The condensers used are similar to those already described in connection with the engines, and need no further comment. About the evaporators, it may be said that they are so constructed that they can be cleaned out easily as soon as the accumulation of salt and other matter renders the operation necessary. Usually one side is hinged, and provided with a number of bolts all round the edges which are quickly removed and replaced.
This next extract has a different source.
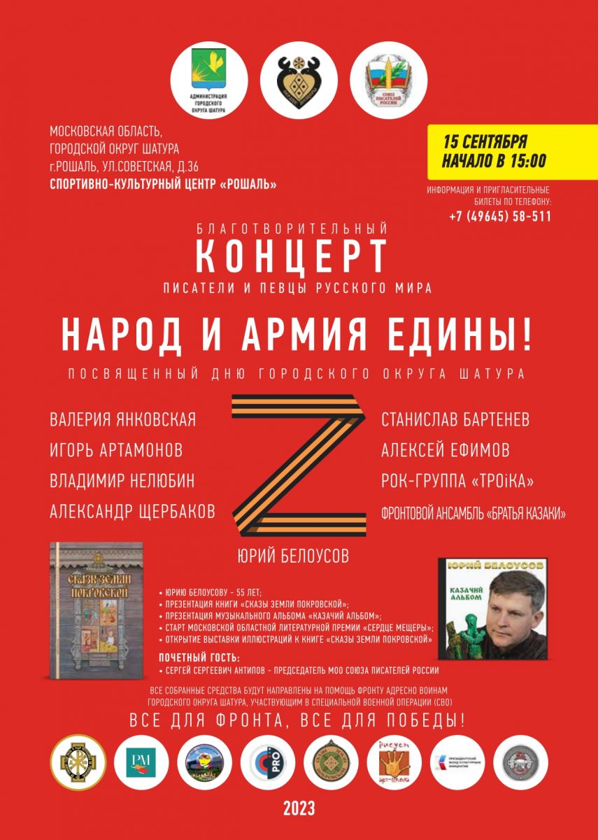15 сентября 2023 года в городе Рошаль городского округа Шатура Московской области в культурно-спортивном центре «Рошаль» состоялся второй в этом году благотворительный концентр звезд Русского мира «Писатели и певцы Русского мира «Народ и армия едины», посвященный дню городского округа Шатура, под лозунгом «Все для фронта, все для победы!»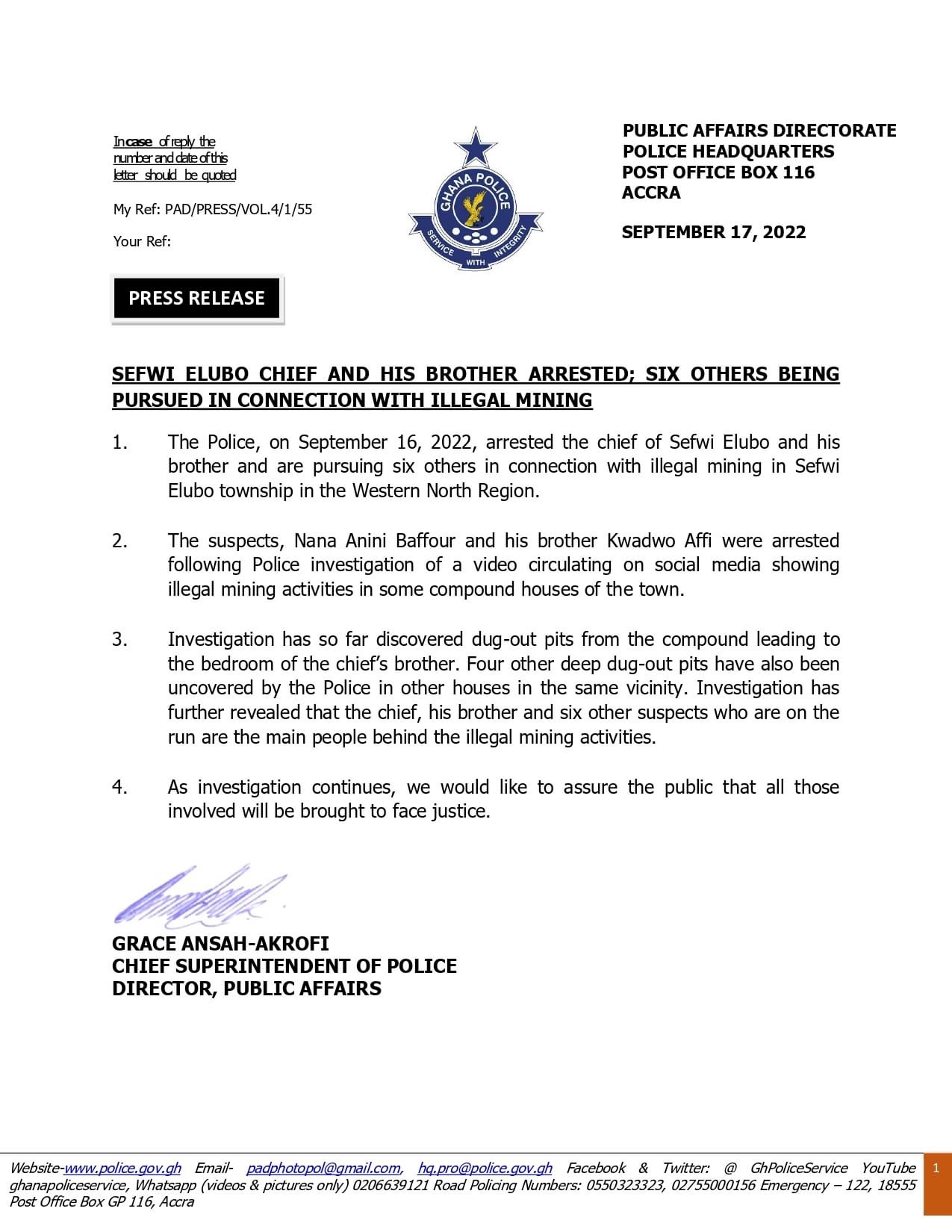 The Police, on September 16, 2022, arrested the chief of Sefwi Elubo and his brother and are pursuing six others in connection with illegal mining in Sefwi Elubo township in the Western North Region.

The United States Navy includes a ship, the Iris, whose sole duty is to supply the fleet she attends with plenty of fresh water. She was built in 1885 by Messrs. R. and W. Hawthorn, of Newcastle-on-Tyne, and measures 310 feet in length, 38 1 / 2 feet beam. For her size she has remarkable bunker capacity, and can accommodate nearly 2,500 tons of coal. Fore and aft are huge storage tanks to hold between them about 170,000 gallons of fresh water. Her stills can produce a maximum of 60,000 gallons a day. It has been reckoned that each ton of water distilled costs only 18 cents; or, stated otherwise, that 40 gallons cost one penny. At many ports fresh water costs three or four times this figure; and even when procured is of doubtful purity. During the Spanish-American War the Iris and a sister ship, the Rainbow, proved most useful.

REFRIGERATORS

Of late years the frozen-meat trade has increased by leaps and bounds. Australia, New Zealand, Argentina, Canada, and the United States send millions of pounds' worth of mutton and beef across the water every year to help feed the populations of England and Europe.

In past times the live animals were sent, to be either killed when disembarked or fatted up for the market. This practice was expensive, and attended by much suffering of the unfortunate creatures if bad weather knocked the vessel about.

Refrigerating machinery has altered the traffic most fundamentally. Not only can more meat be sent at lower rates, but the variety is increased; and many other substances than flesh are often found in the cold stores of a ship—butter and fruit being important items.

Certain steamship lines, such as the Shaw, Savill, and Albion—plying between England and Australasia—include vessels specially built for the transport of vast numbers of carcases. Upwards of a million carcases have been packed into the hull of a single ship and kept perfectly fresh during the long six weeks' voyage across the Equator.

Every passenger-carrying steamer is provided with refrigerating rooms for the storage of perishable provisions; and as the comfort of the passengers, not to say their luxury, is bound up with these compartments, it will be interesting to glance at the method employed for creating local frost amid surrounding heat.

The big principle underlying the refrigerator is this—that a liquid when turned into gas absorbs heat (thus, to convert water into steam you must feed it with heat from a fire), and that as soon as the gas loses a certain amount of its heat it reverts to liquid form.